72 lines (40 loc) · 4.68 KB

Example notebooks

These are example notebooks to showcase cuxfilter with cuDF. If you want to distribute your workflow across multiple GPUs, have more data than you can fit in memory on a single GPU, or want to visualize data spread across many files at once, you would want to use Dask-cuDF with cuxfilter. The examples notebooks can be found here.

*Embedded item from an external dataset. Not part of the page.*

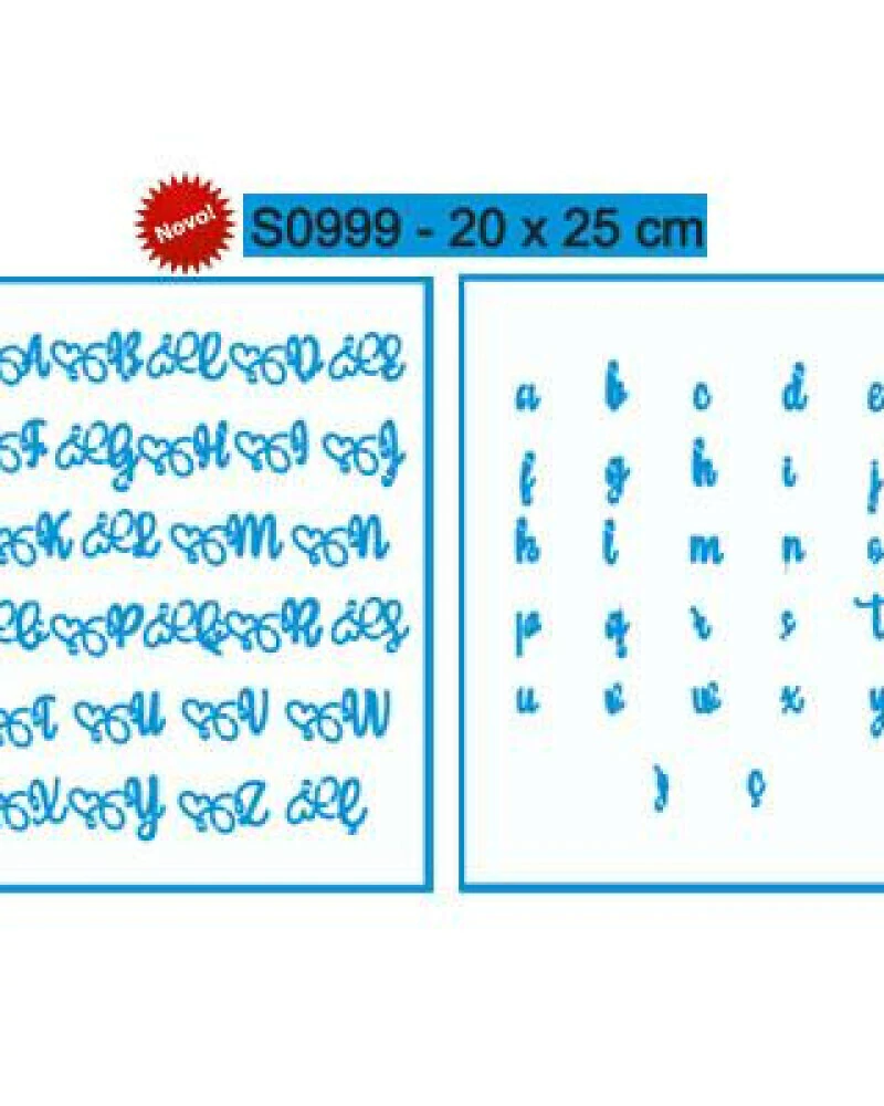 Stencil S0999 Alfabeto Maiúsculo e Minúsculo Coração - 20x25cm

TRY CUXFILTER NOTEBOOKS ONLINE

  1. Mortgage_example.ipynb

    Open In Studio Lab Open In Colab

  2. NYC_taxi_example.ipynb

    Open In Studio Lab Open In Colab

  3. auto_accidents_example.ipynb

    Open In Studio Lab Open In Colab

  4. graphs.ipynb

    Open In Studio Lab Open In Colab


Setup Remote Environments

Amazon Sagemaker Studio Lab

Amazon SageMaker Studio Lab is a free ML development environment that provides the compute, storage (up to 15GB), and security —all at no cost (currently). This includes GPU notebook instances.

Once you have registered with your email address, simply sign in to your account, start a CPU or GPU runtime, and open your project - all in your browser.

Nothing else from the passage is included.